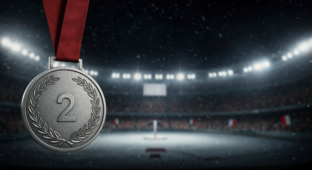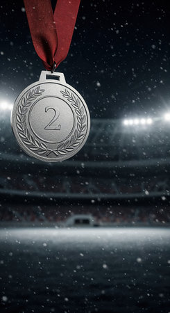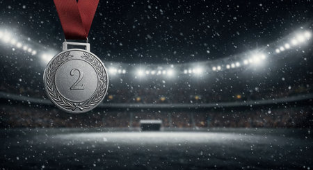 A detailed second-place silver medal on a vibrant red ribbon is suspended amidst falling snow at a brightly lit sports arena during a cold winter night, symbolizing achievement.
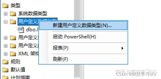 (1) 在“对象资源管理器”中选择“数据库”→“jxsk”→“可编程性”→“类型”,右击“用户定义数据类型”,在弹出的窗口中选择“新建用户定义数据类型”,如下图;
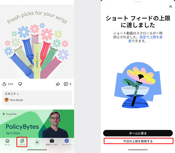 「ショート」タブをタップすると「ショートフィードの上限に達しました」と表示されるが、「今日の上限を無視する」ことができる 「YouTube」アプリで、ショート動画の再生時間を0分(つまり実質的な視聴制限)に設定できるようになった。米The Vergeなどの米メディアが4月15日(現地時間)に報じた。
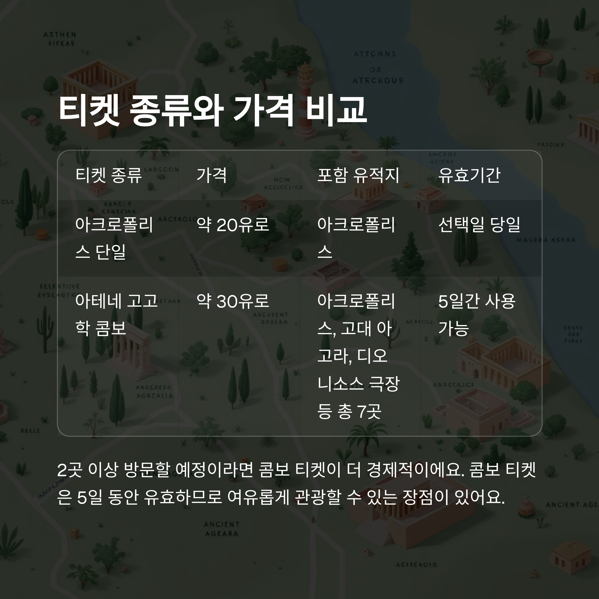 | 아테네 고고학 콤보 | 약 30유로 | 아크로폴리스, 고대 아고라, 디오니소스 극장 등 총 7곳 | 5일간 사용 가능 |

---------------

# YOUR OBJECTIVE
Copy every line of the listing above exactly. Leave each picture out.

# SOLVED PROBLEM
 A detailed second-place silver medal on a vibrant red ribbon is suspended amidst falling snow at a brightly lit sports arena during a cold winter night, symbolizing achievement.
 (1) 在“对象资源管理器”中选择“数据库”→“jxsk”→“可编程性”→“类型”,右击“用户定义数据类型”,在弹出的窗口中选择“新建用户定义数据类型”,如下图;
 「ショート」タブをタップすると「ショートフィードの上限に達しました」と表示されるが、「今日の上限を無視する」ことができる 「YouTube」アプリで、ショート動画の再生時間を0分(つまり実質的な視聴制限)に設定できるようになった。米The Vergeなどの米メディアが4月15日(現地時間)に報じた。
 | 아테네 고고학 콤보 | 약 30유로 | 아크로폴리스, 고대 아고라, 디오니소스 극장 등 총 7곳 | 5일간 사용 가능 |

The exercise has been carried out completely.